The problem. Only the pictures are to be dropped, and the rest of the data should be copied exactly.

Records for the task.
-------
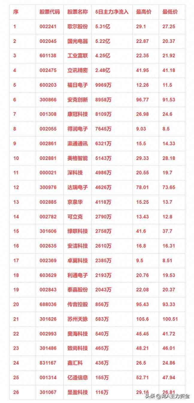 消费类电子龙头股票,消费电子概念,本周主力资金净流入的26强个股!
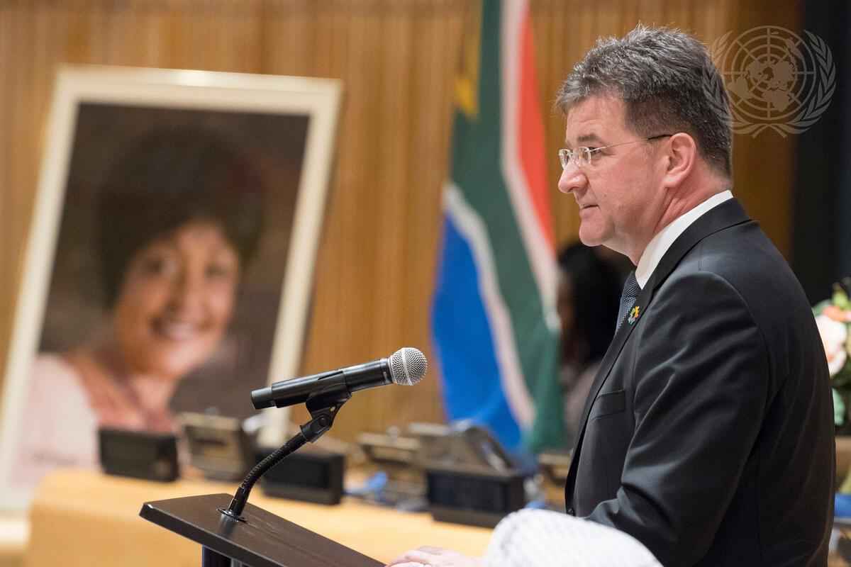Miroslav Lajcák, President of the seventy-second session of the General Assembly, makes remarks during a Special Memorial Service to honour Winnie Madikizela-Mandela. Mrs. Madikizela-Mandela, who passed away 2 April, was a South African anti-apartheid activist and politician, and the ex-wife of Nelson Mandela.
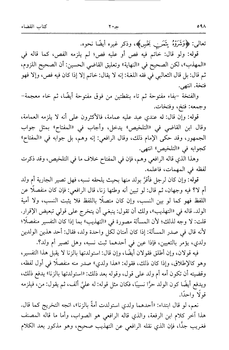 نعم، لو قال ابتداء: ((أحدهما ولدي استولدت أمةً بالزنا))، اتجه التخريج كما قال. هذا آخر كلام ابن الرفعة، والذي قاله الرافعي هو الصواب، وأما ما قاله المصنف فغريب جدًا، فإن الذي نقله الرافعي عن التهذيب صحيح، وهو مذكور بعد الكلام
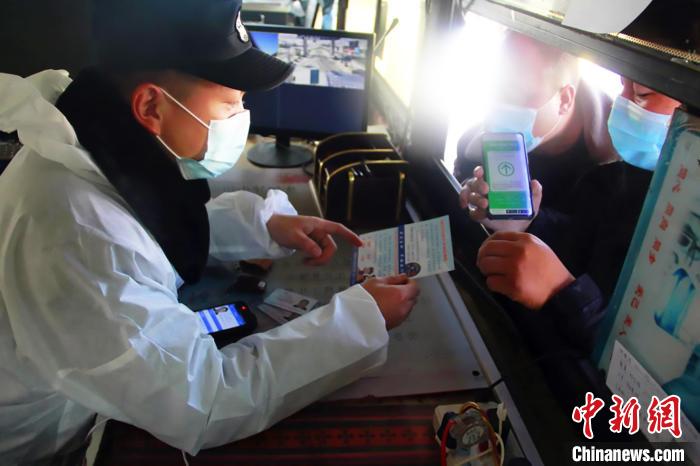 圖為2021年2月7日,那曲市公安局乃吉溝一級(jí)公安檢查站民警開(kāi)展防疫檢查。資料圖 西藏自治區(qū)公安廳供圖
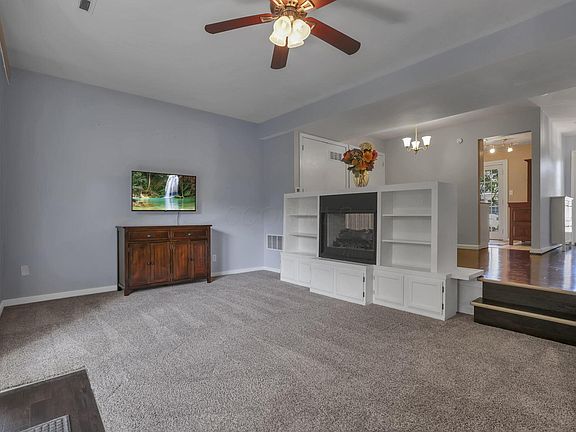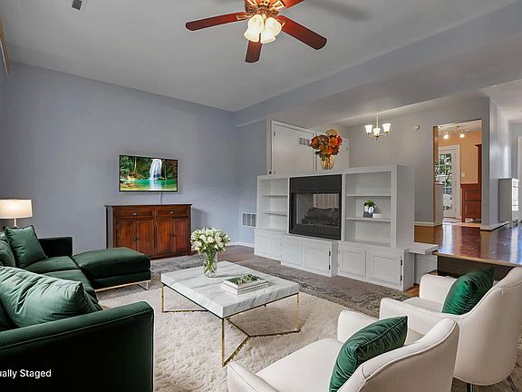 One of the rare condominiums in The Landings that backs directly onto green space, this home offers a private and serene retreat. Step inside to a welcoming foyer that leads to the dining area and a spacious sunken living room, separated by a striking double-sided fireplace—perfect for cozy evenings. The living room is highlighted by an expansive three-panel sliding glass door, filling the space with natural light and leading to a private patio overlooking the greenery.
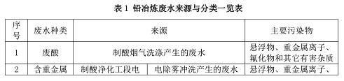 鉛冶煉廢水來(lái)源與分類(lèi)見(jiàn)表1。
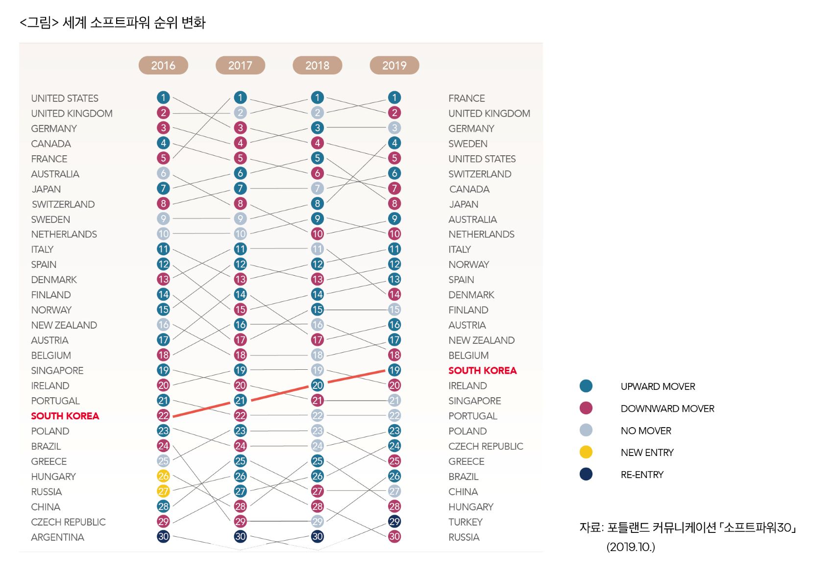 교육과 문화, 지식 등을 기반으로 한 영향력을 평가하는 ‘소프트파워’ 순위를 보면, 미국은 2016년 1위에서 트럼프 정부가 출범한 2017년에는 3위, 2018년 4위, 2019년 5위 등으로 하락 추세를 멈추지 않고 있다. 트럼프 前대통령의 제로섬 세계관과 무역 전쟁 등이 미국의 소프트파워를 하락시키는 요인으로 평가됐다. 1위는 프랑스로 국제기구 활동을 활발히 한데다 G7 회의를 성공적으로 개최한 점이 높게 평가됐다. 한국은 30개국 중 19위로 2016년 22위에서 꾸준히 상승하고 있다(<그림> 참조).
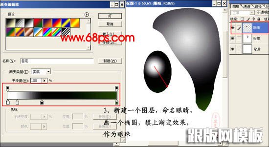 3、新建一个图层,命名为“眼睛”,画一个椭圆,填充渐变效果作为眼珠。渐变设置及效果如下图。
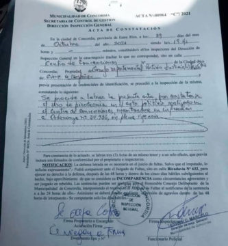 CONCORDIA – Pirotecnia en acto del PJ: inspector labró acta de la infracción pero los organizadores se negaron a firmarla
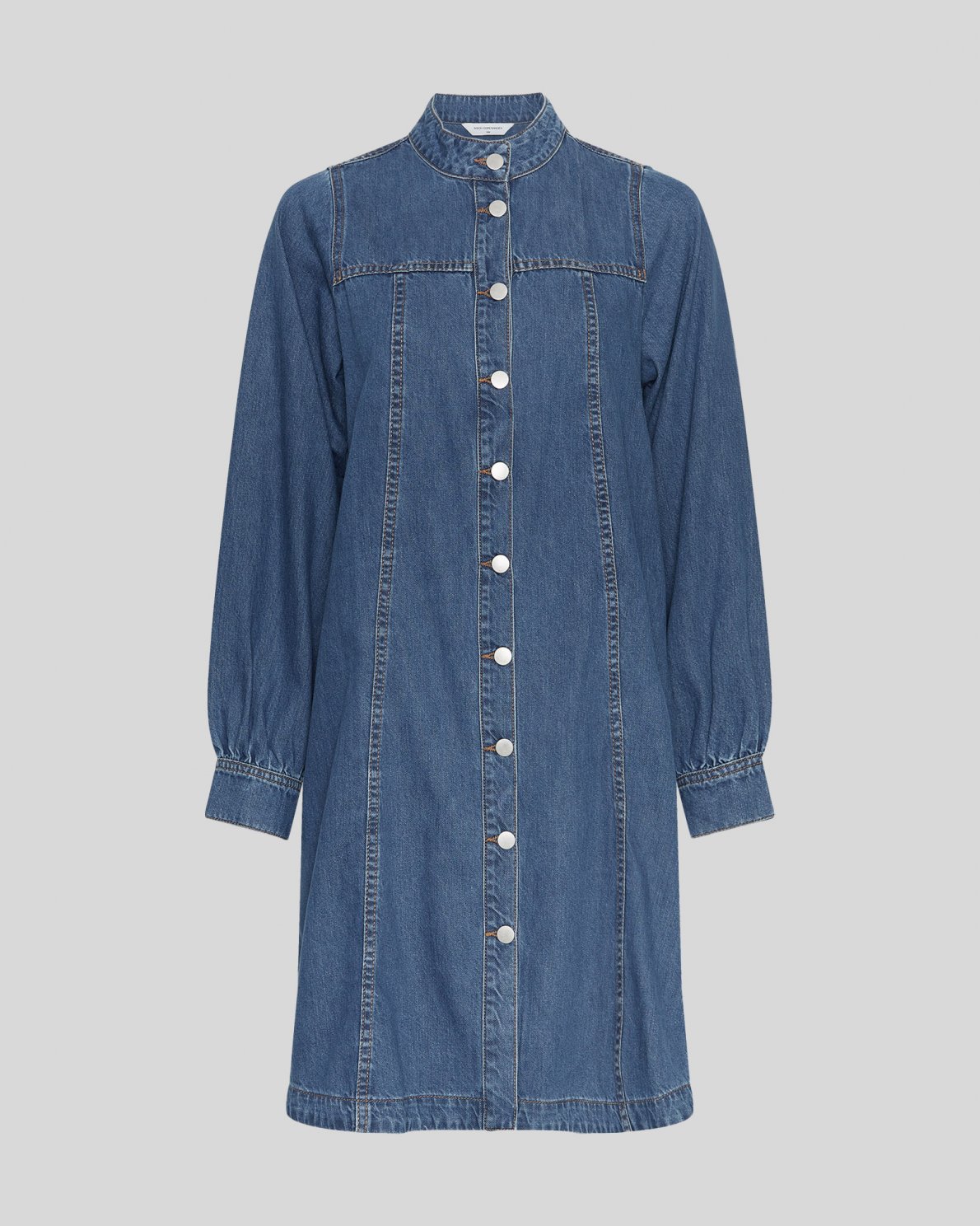 The MSCHRylan Elena Shirt Dress is a modern take on the classic shirt dress. Made from 100% organic cotton, it features a loose A-line fit, long puff sleeves, and an elegant mandarin collar. The full button placket and discreet side pockets add both functionality and a stylish touch.
-------
Result.
 消费类电子龙头股票,消费电子概念,本周主力资金净流入的26强个股!
Miroslav Lajcák, President of the seventy-second session of the General Assembly, makes remarks during a Special Memorial Service to honour Winnie Madikizela-Mandela. Mrs. Madikizela-Mandela, who passed away 2 April, was a South African anti-apartheid activist and politician, and the ex-wife of Nelson Mandela.
 نعم، لو قال ابتداء: ((أحدهما ولدي استولدت أمةً بالزنا))، اتجه التخريج كما قال. هذا آخر كلام ابن الرفعة، والذي قاله الرافعي هو الصواب، وأما ما قاله المصنف فغريب جدًا، فإن الذي نقله الرافعي عن التهذيب صحيح، وهو مذكور بعد الكلام
 圖為2021年2月7日,那曲市公安局乃吉溝一級(jí)公安檢查站民警開(kāi)展防疫檢查。資料圖 西藏自治區(qū)公安廳供圖
 One of the rare condominiums in The Landings that backs directly onto green space, this home offers a private and serene retreat. Step inside to a welcoming foyer that leads to the dining area and a spacious sunken living room, separated by a striking double-sided fireplace—perfect for cozy evenings. The living room is highlighted by an expansive three-panel sliding glass door, filling the space with natural light and leading to a private patio overlooking the greenery.
 鉛冶煉廢水來(lái)源與分類(lèi)見(jiàn)表1。
 교육과 문화, 지식 등을 기반으로 한 영향력을 평가하는 ‘소프트파워’ 순위를 보면, 미국은 2016년 1위에서 트럼프 정부가 출범한 2017년에는 3위, 2018년 4위, 2019년 5위 등으로 하락 추세를 멈추지 않고 있다. 트럼프 前대통령의 제로섬 세계관과 무역 전쟁 등이 미국의 소프트파워를 하락시키는 요인으로 평가됐다. 1위는 프랑스로 국제기구 활동을 활발히 한데다 G7 회의를 성공적으로 개최한 점이 높게 평가됐다. 한국은 30개국 중 19위로 2016년 22위에서 꾸준히 상승하고 있다(<그림> 참조).
 3、新建一个图层,命名为“眼睛”,画一个椭圆,填充渐变效果作为眼珠。渐变设置及效果如下图。
 CONCORDIA – Pirotecnia en acto del PJ: inspector labró acta de la infracción pero los organizadores se negaron a firmarla
 The MSCHRylan Elena Shirt Dress is a modern take on the classic shirt dress. Made from 100% organic cotton, it features a loose A-line fit, long puff sleeves, and an elegant mandarin collar. The full button placket and discreet side pockets add both functionality and a stylish touch.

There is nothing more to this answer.